Loud, staffed by sometimes clue-challenged college-kid waiters, Five & Ten produces a quirky but brilliant cuisine that’s raised the bar for the entire town. Athenians are thinking about their food now — and clearly, they care about it.

With a cavernous, loft-like setting of exposed brick in a refurbished Coca-Cola plant, the Bottleworks, Bischero is one of the most pleasant hangouts in a town that prides itself on hanging out. The prices are right: At dinner, the most expensive entree is beef tenderloin, at $22; most others hover around the low teens. And it’s nothing if not authentic: Owners Stefano Volpi and Salvatori Bianco came from Italy eight years ago, met while working at Atlanta’s Fritti and Sotto Sotto, and outfitted their first restaurant with Italian imports to the last detail, from the china, silverware and bar-stools to the pasta machines and custom pizza oven. The pastas are all made in-house (by the most recent Sicilian import, chef Antonio Bianco), and the wines, tomatoes (San Marzano, of course), pizza flour (double zero) and prosciutto are all straight from the Old Country.
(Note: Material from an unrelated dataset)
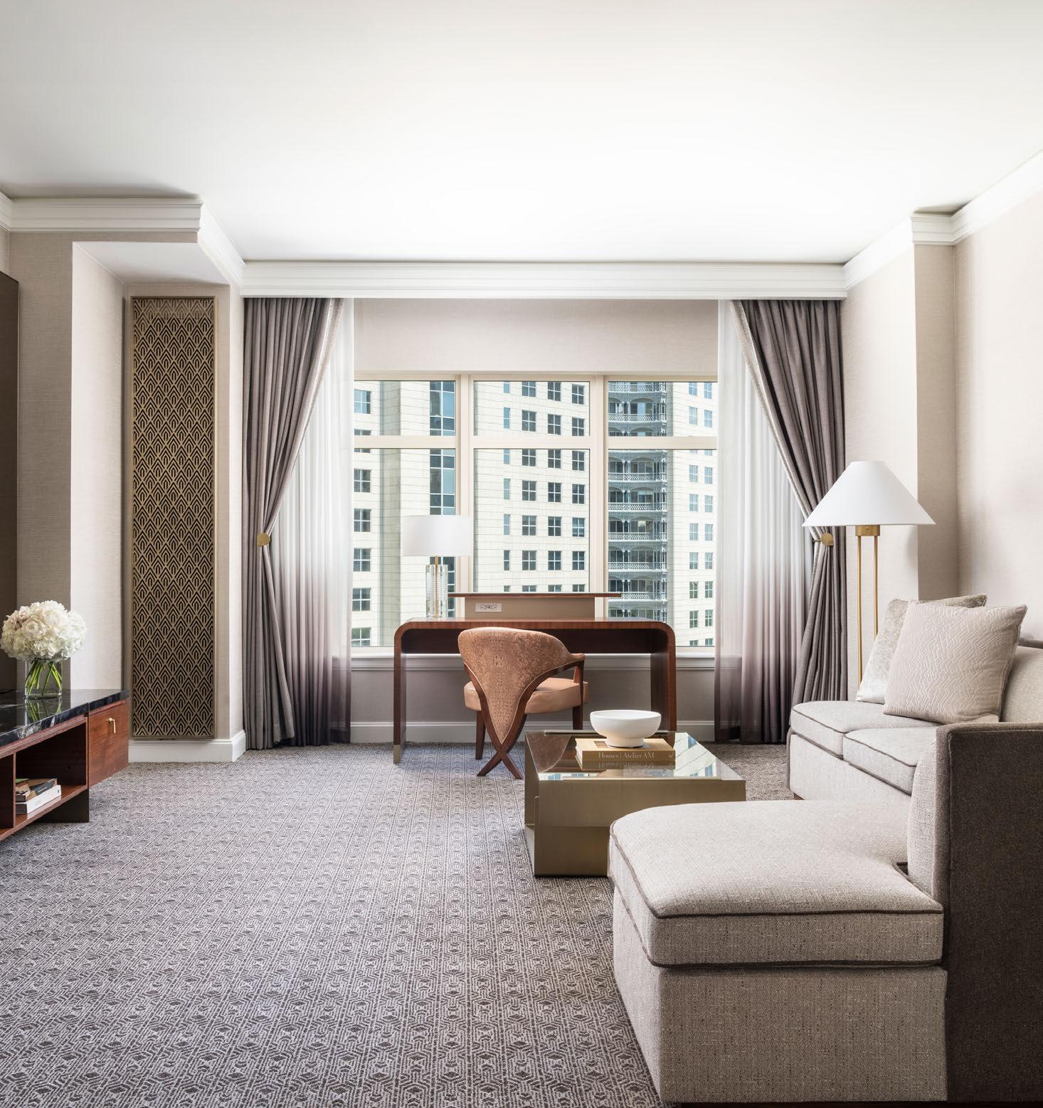 Developed by Magellan Development Group and designed by Studio Gang, the new St. Regis has opened in the Lakeshore East neighborhood. Its 159 luxurious guest rooms and 33 exquisite suites, spread across 11 floors, feature a thoughtfully curated palette of natural stone and wood finishes. “The debut of the St. Regis Chicago signals a significant milestone for the St. Regis brand as we grow our footprint in the United States and celebrate our first property in the American Midwest,” says brand vice president George Fleck. The tower’s crystalline form was inspired by nature, with facets like a shimmering gem and a gradient of green-blue glass that reflects the colors of Lake Michigan and the Chicago River. With public interiors by KTGY Simeone Deary Design Group and guest rooms by Gensler, the aesthetics are modern and residential in style. Local restaurant group Lettuce Entertain You is operating two restaurants onsite: Miru, an all-day Japanese restaurant from chef Hisanobu Osaka designed by the Rockwell Group, and Tuscan steakhouse Tre Dita from chef Evan Funke, which will feature fresh, handmade pasta and classic Italian cuts like bistecca Fiorentina cooked on a wood-fired grill. Funke’s first restaurant outside of Los Angeles, Tre Dita is designed by David Collins Studio. The spa and fitness center spans 12,000 square feet and features an outdoor sundeck, yoga studio and a heated indoor pool offering stunning views of the city and Lake Michigan. The hotel is adjacent to the Residences at The St. Regis Chicago, which consists of 393 condominiums and offers residents access to all of the hotel amenities in addition to its own residents-only amenity floor. marriott.com

And yet: After two visits, I liked the place, especially the pizzas and salads, but found little that got under my skin and compelled me to return. “It’s just like the gnocchi you’ll find in Italy,” one friend says, and perhaps she’s right. But it all seems so . . . correct, as opposed to delicious.

Don’t get me wrong: There’s much to like here, especially among the salads, such as the classic Caesar, rich with olive oil and redolent of anchovy, and the Bischero, with cotto ham, gruyere, parmigiano and balsamic dressing. The carpaccio also works nicely, the thin-sliced raw beef countered by a simple lemon-and-olive oil dressing, sprinkled with parmigiano (although I wish someone had picked out the yellow-spotted arugula leaves).

Volpi and Bianco are applying for certification from Associazione della Vera Pizza Napolitano, which would allow them to join only 10 other U.S. restaurants acknowledged for using wood-burning ovens and a narrow list of Italian ingredients for these nubbly-edged Neapolitan pizzas with a raw, uncooked tomato sauce and buffalo mozzarella or fior de latte cheese. The bracchio di ferro pie is the best dish I tried here, with pools of fresh ricotta melting over spinach, tomato and mozzarella.

Somehow, however, the pastas and main dishes don’t come together as well. That potato gnocchi is as light and pillowy as you yearn for, baked with a simple, clean marinara, spinach and mozzarella, but like several other dishes, it reminded me of a romantic fling: After cooling a few degrees, the lack of personality became apparent.

The merluzzo in umido (cod braised with tomatoes, capers, anchovies and oregano, over polenta) is fine, but even with such distinctive flavors, brands the memory largely with varied levels of salt. The duck morsels in maltagliati (irregular strips, like ragged cloth) are delectably moist; the pasta and ragu worth a shrug. The eggplant, red pepper and mozzarella sandwich, on ciabatta bread, is downright dull. Among desserts, a stiff, gelatinous panna cotta is a waste for the delicious aged balsamic vinegar drizzled over it.

Perhaps Bischero will mature as it ages too — sometimes even classics need re-interpretation.